Lui le cose le conosce, è inutile nasconderlo: Satàn, in fatto d’intelligenza, batte tutti (eccetto Dio) a tavolino. Cristoddìo, però, è stato ammaestrato ancora prima che il demonio esistesse: “Non discutere mai con gente idiota, figliommio – gli avrà pur detto sua Madre o suo Padre (qualsiasi dei due) –: ti trascinano al loro livello e poi, per una somma di esperienze, ti batteranno!”. Satàn dimentica spesso che l’amore non si discute: si dimostra. Lui, invece, si mette a discutere più per capriccio che per necessità. E quando si ritrova faccia a faccia con Dio, il demonio mette i puntini sulle i, Cristo fa analisi logica: il primo si diverte a fare le autopsie dei dettagli, il secondo ha la passione di (col)legare tra sé il mondo intero. Il risultato finale di ogni loro discussione è sempre lo stesso: il demonio e i suoi seguaci amano discutere di religioni che loro non hanno mai praticato.

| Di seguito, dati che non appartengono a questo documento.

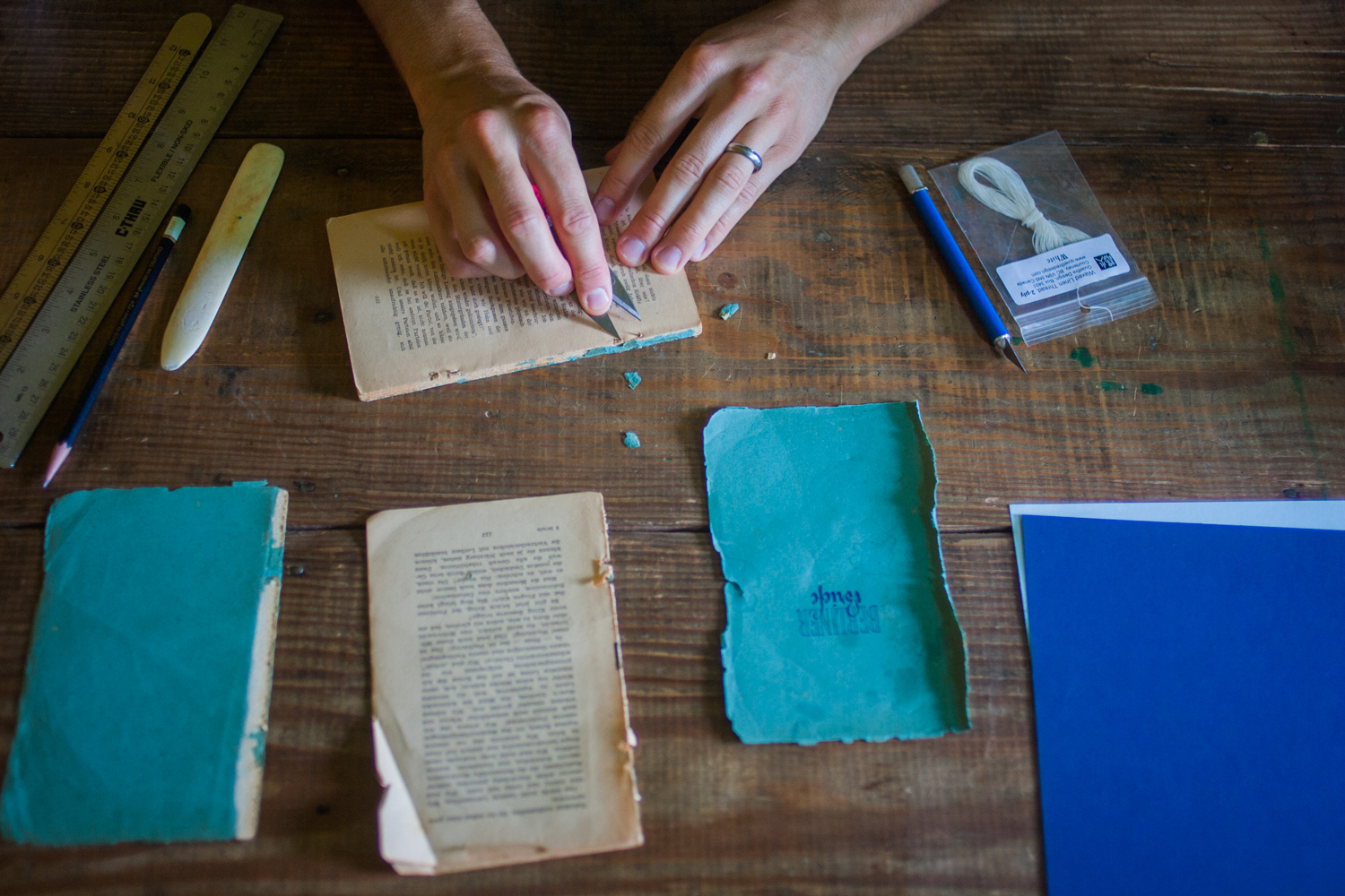 Normally I save all kinds of trimming for the very last step, but I needed the top and bottom edges to be totally straight for stab-style DIY book binding.
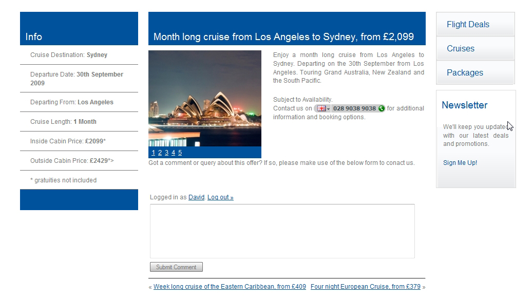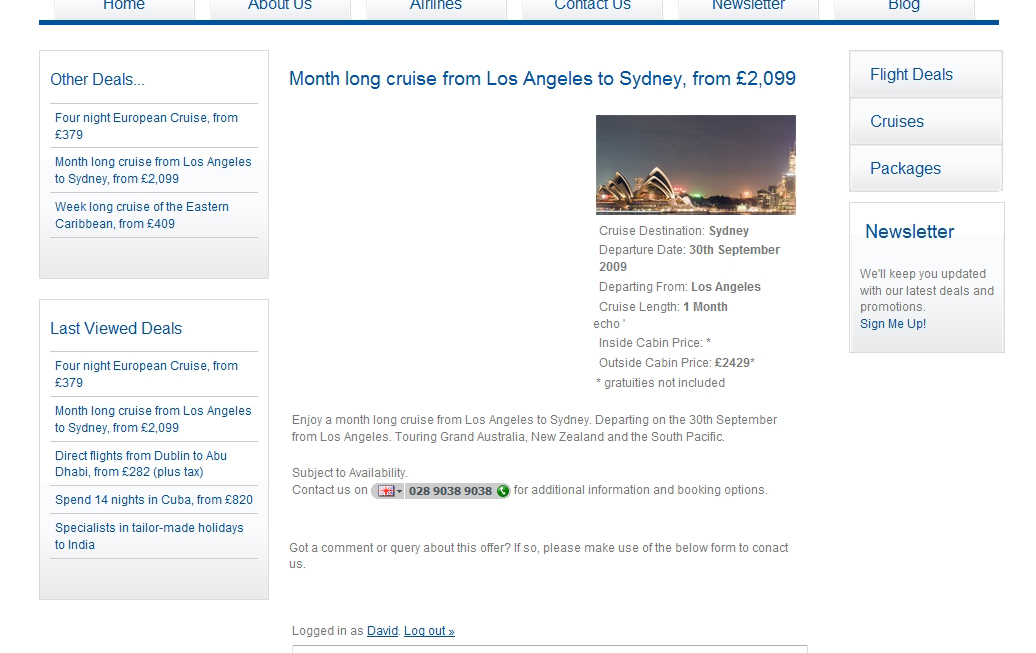Today I spent continuing the work on the Thriftway Site. Had a few deals to put on at the start of the day and then it was straight into the coding. Both the Cruises and Package Deals sections have their individual post designs implemented. Unfortunately I haven't been able to implement the design into either the Flights or the Category areas. This is due to a complete lack of any Flight deals on the site for me to test things with to ensure that they're working.

Tenta, dunque, Satàn: le sue truffe sono come i tentacoli di un polipo, ha il vizio dell’inganno, ha sempre una tentazione in agguato. Cristoddìo, con questo farabutto, non fa le orecchie da mercante: siccome sa d’esser venuto al mondo per portare la pace, allora entra in guerra per fare la guerra alla guerra. Entra a sfidar il principe della guerra: non lo evita, si propone lui – “guidato dallo Spirito nel deserto” –, si fa sotto per dirgli, con il linguaggio dei bambini, “prenditela con quelli della tua età!”.
Lui sa che, passata questa vita barbara che si concluderà in Croce, diventerà un generale d’armata: per mostrarsi domani credibile, oggi accetta d’esser un soldato semplice. Uno di quelli che va al fronte a combattere, che soggiorna nelle trincee, soltanto il proprio petto a fargli da scudo umano. E nel deserto, per la gioia di Satàn, si lascia tentare: non è il porcello a insidiare il Santo, è il Santo che permette al porcello di stuzzicarlo.
Per questo, un giorno, non insegnerà a chiedere al Padre “non presentarci mai delle tentazioni” – il che sarebbe un abuso improprio della libertà umana – bensì “non abbandonarci alla tentazione”. La tentazione Cristoddìo la permette: è lei a farci sentire umani, alla faccia del desiderio di essere infrangibili. La autorizza ma, per chi lo vorrà, la tentazione sarà come neve al sole: sparirà alla sola richiesta d’aiuto a Iddio.
Va in guerra, dunque: a fare la dimostrazione pubblica di come si faccia a mettere Satàn nel sacco. Per mostrare come ragioni il demonio e i suoi chierici: a loro non importa conoscere come stanno le cose, interessa ritornare a casa confermati nei loro pregiudizi. Cristo, invece, sogna di confermarsi nella fede e far in modo fede e verità coincidano. Non difetta di coraggio il bimbo cresciuto a Nazareth: accetta di strofinare e lucidare il suo cervello contro quello di Satàn. Che, arlecchino nauseabondo, si nasconde tra i cespugli delle frasi imparate a memoria, scagliando frecciatine velenose vestite di apprezzamento. Lui discute, Cristo lo sta ad ascoltare: “Chi è capace non discute – scriveva Lao Tzu –, chi discute non è capace”. Neanche si impegna a discutere con Satàn, perché non ci si può permetter il lusso di discutere con chi ha la voglia di discutere tanto per discutere e basta. Con Satàn Cristoddìo è un signore gagliardo, preparato: gli cita la Scrittura Sacra e, prima d’andarlo a sfidare di petto, controlla bene di essere “pieno di Spirito Santo” (cfr Lc 4,1-13). Solamente l’imbecille può pensare di vincere Satàn a colpi di discussioni. O con la preghiera, o con la Scrittura: non c’è una terza via.
Dal deserto il demonio esce con le ossa fracassate ma con un aumento di boria: “Non ci sono riuscito con Lui, ci proverò con i suoi”. Puntuale, ogni giorno, riprova: “Cerco cuori d’affittare. Pago cash: con pane, potere, successo”. Quella contro Satàn resterà la più lunga e pericolosa partita a scacchi contro la morte. Se anche Cristo, ch’era esentato dal ticket, l’ha combattuta, allora varrà la pena combatterla: c’è da sgomitare contro le tentazioni (non sognarne lo scanso) per credere in Dio. Che, dati alla mano, resta l’alleanza più forte contro Satàn.